(RAW DATA)
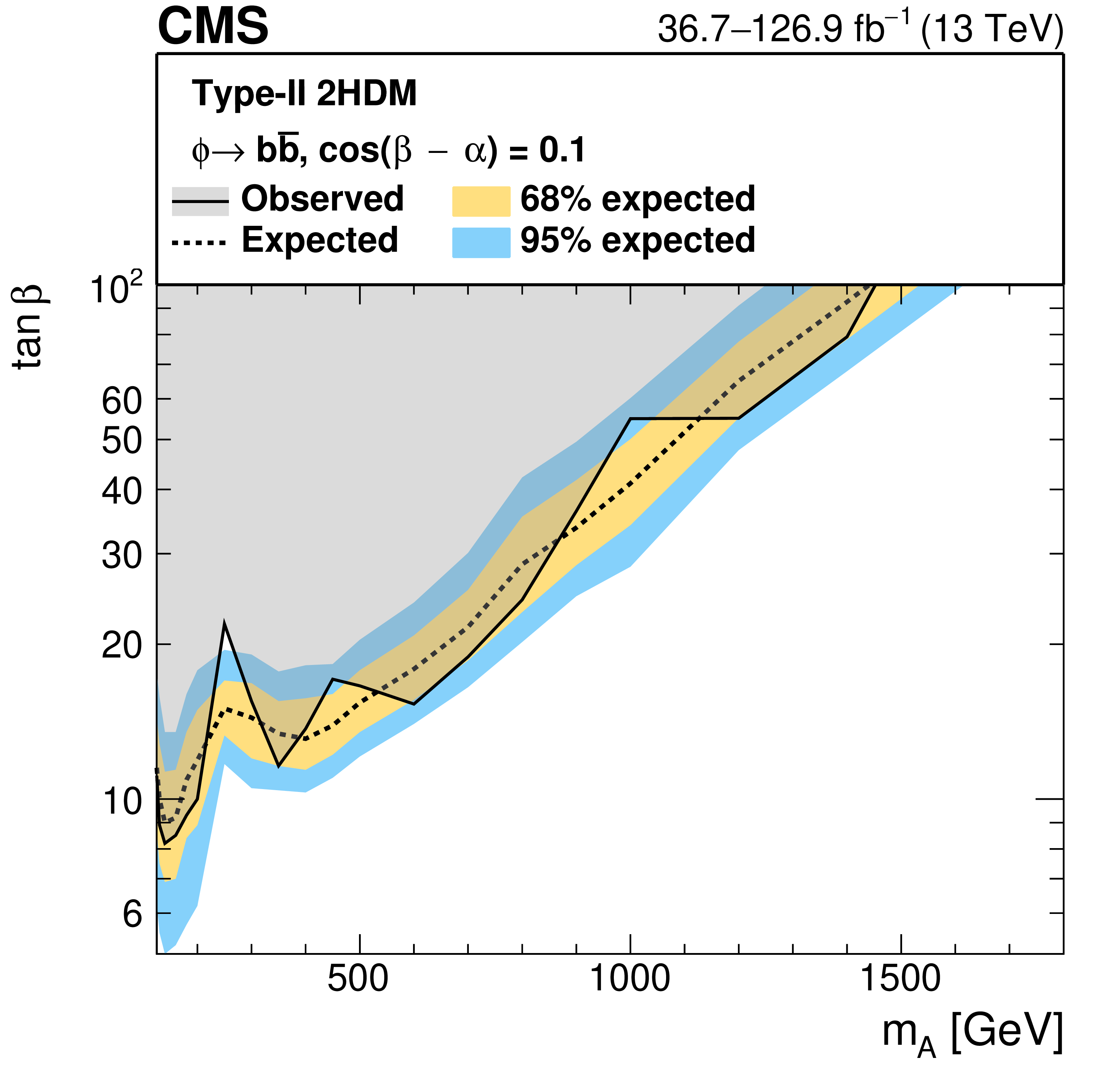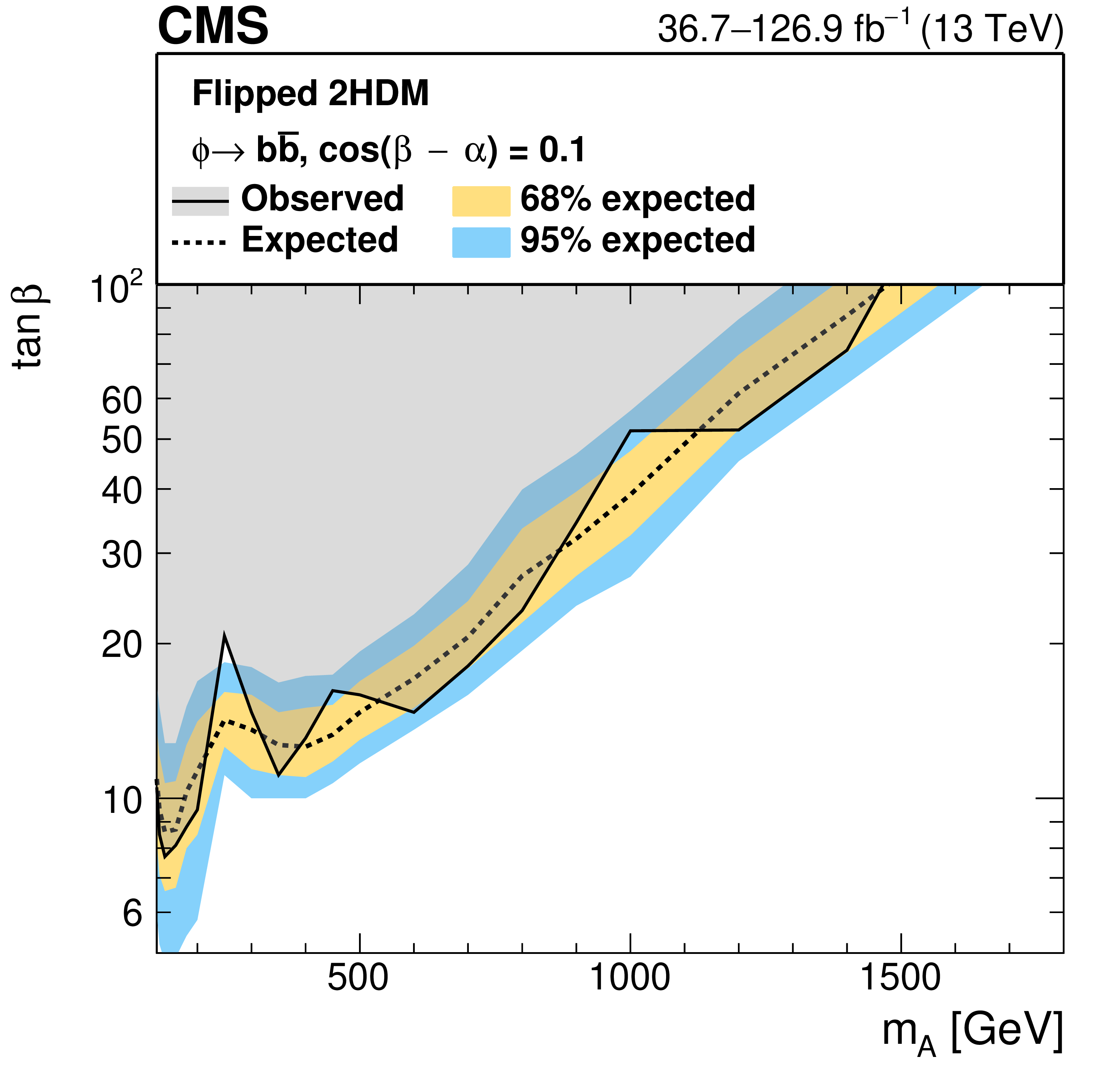 Interpretation in the $ M_{\mathrm{h}}^{125} $ scenario of the MSSM: observed and expected upper limits at 95% CL on the parameter $ \tan\beta $ as functions of the mass $ m_{\mathrm{A}} $ of the $ CP $-odd Higgs boson. The higgsino mass parameter has been set to $ \mu = + $1 TeV. The hashed area indicates the parameter region in which the mass of the lightest MSSM Higgs boson does not coincide with 125 GeV within a margin of 3 GeV. |
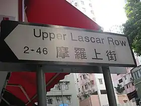 Upper Lascar Row is a narrow alley in Mid-Levels which runs parallel to Hollywood Road on the north side. The straight alley measures over 500 feet (150 m), and there was an Indian police dormitory in the street. On 11 February 1911 a fire broke out on Upper and Lower Lascar Row, destroying 16 houses and damaging another 24.[6]
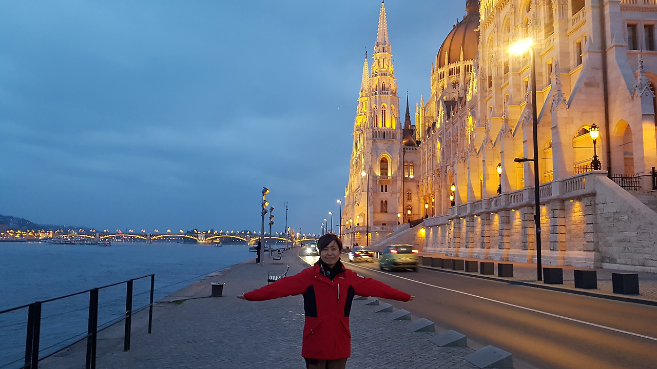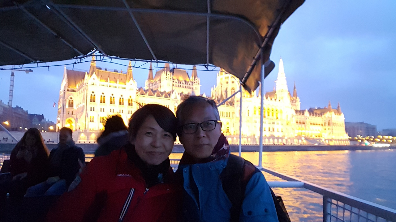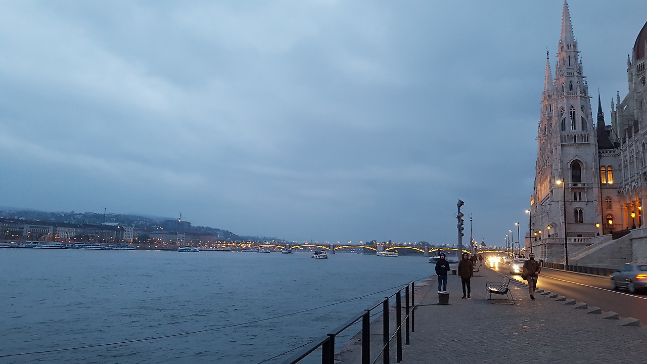 구경을 마치고 드디어 배를 타러 가기로 했다. 중간에 여행 안내원을 만나 장소 확인도 했으나 선착장이 썰렁하다. 잠시 후 배가 도착하긴 했으나 자신들의 배는 클로즈했다며 옆 선착장으로 가라고 한다. 나는 여행의 책임자답게 그 직원에게 다시 한번 장소를 확인하고 옆 선착장으로 갔다. 하지만 옆 선착장은 사용하지 않는 곳처럼 썰렁했을뿐더러 출입구에 자물쇠까지 채워져 있었다. 그 직원을 원망했지만 마침 보이는 국회의사당 건물이 배 타기 실패를 잊을 만큼 아름답다. 사진을 찍고 건물을 구경하다 돌아서 가는 길에 예쁜 모습을 다시 보려고 잠깐 뒤를 돌아보았는데 야경이 들어오기 시작한다.
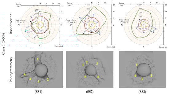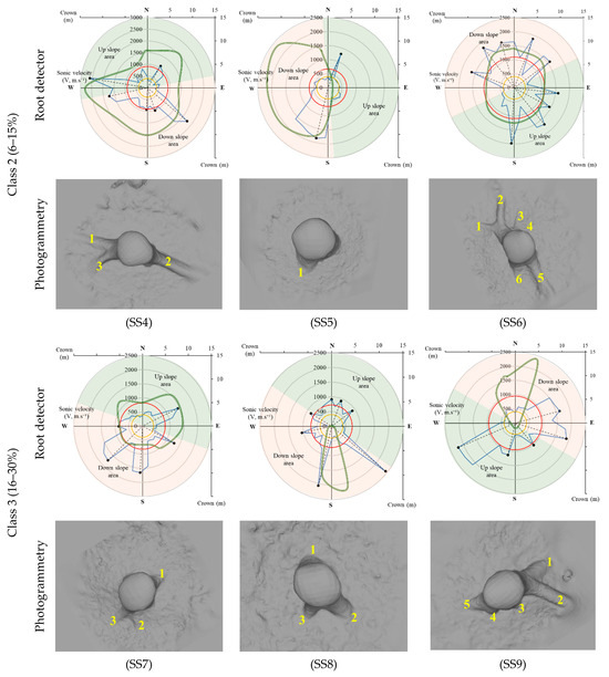 Radial root distribution analysis of rain trees (Samanea saman) using root detector and visual mapping of the root above ground using the photogrammetry method; classified based on the slope category; class 1 (0–5%): (SS1), (SS2), (SS3); class 2 (6–15%): (SS4), (SS5), (SS6); class 3 (16–30%): (SS7), (SS8), (SS9); and class 4 (≥31%): (SS10), (SS11), (SS12). Sonic velocity in main root noted as “Vroot” and shown as a blue line with the peak in a dark point; sonic velocity generally noted as “V” and shown by a blue line; average of V shown in red circle; Vroot threshold (400 m·s−1) in yellow circle.
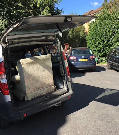 I was inspired by the Instagram account of Bristol-based upholsterer Sadie Campbell who photographs discarded furniture on the streets of Bristol (check out @sadiedidi). There seems to be so much of it that I thought I have to do something about it. So I asked her to locate an armchair that I could pick up when I was driving back to Wales via Bristol. She very kindly found the one above in Easton. Here it is in the back of the van.
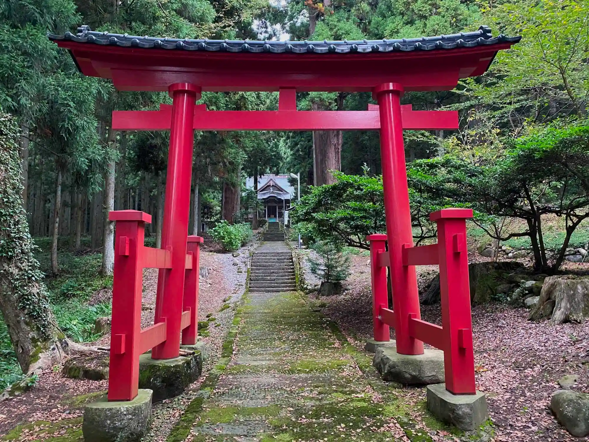 当社は、JR羽越本線・本楯駅の東方6kmの田んぼが広がる田園地帯の端にある小丘の上に位置している。麓の鳥居から細い階段を登って行くと突き当りに境内社があり、そこで90度左折してから長い参道を進むと社殿がある。境内全体が森の木々に包まれていて、閑静にして神聖な雰囲気に満ちている。本社の社殿も境内社の社殿も大きく、旧社格はワンランク上の旧県社相当。参道の階段の途中に宮司さん宅と思われる住宅があるが、ネット情報だと御朱印対応はしていない模様。
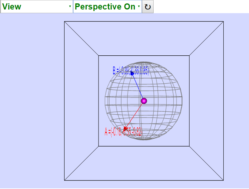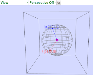 E7: Close other options and choose the vector product a x b which will appear as a black arrow. Rotate the frame to look along the vector product. Observe that you will look perpendicular at the common plane of a and b (both vectors should touch the sphere periphery).
(End RAW DATA)
• [ASSIGNMENT]: Print the data exactly, from its first line to the line containing "Upper Lascar Row", both included. Omit the pictures.

• [SOLUTION TO THE EXERCISE]:
 Interpretation in the $ M_{\mathrm{h}}^{125} $ scenario of the MSSM: observed and expected upper limits at 95% CL on the parameter $ \tan\beta $ as functions of the mass $ m_{\mathrm{A}} $ of the $ CP $-odd Higgs boson. The higgsino mass parameter has been set to $ \mu = + $1 TeV. The hashed area indicates the parameter region in which the mass of the lightest MSSM Higgs boson does not coincide with 125 GeV within a margin of 3 GeV. |
 Upper Lascar Row is a narrow alley in Mid-Levels which runs parallel to Hollywood Road on the north side. The straight alley measures over 500 feet (150 m), and there was an Indian police dormitory in the street. On 11 February 1911 a fire broke out on Upper and Lower Lascar Row, destroying 16 houses and damaging another 24.[6]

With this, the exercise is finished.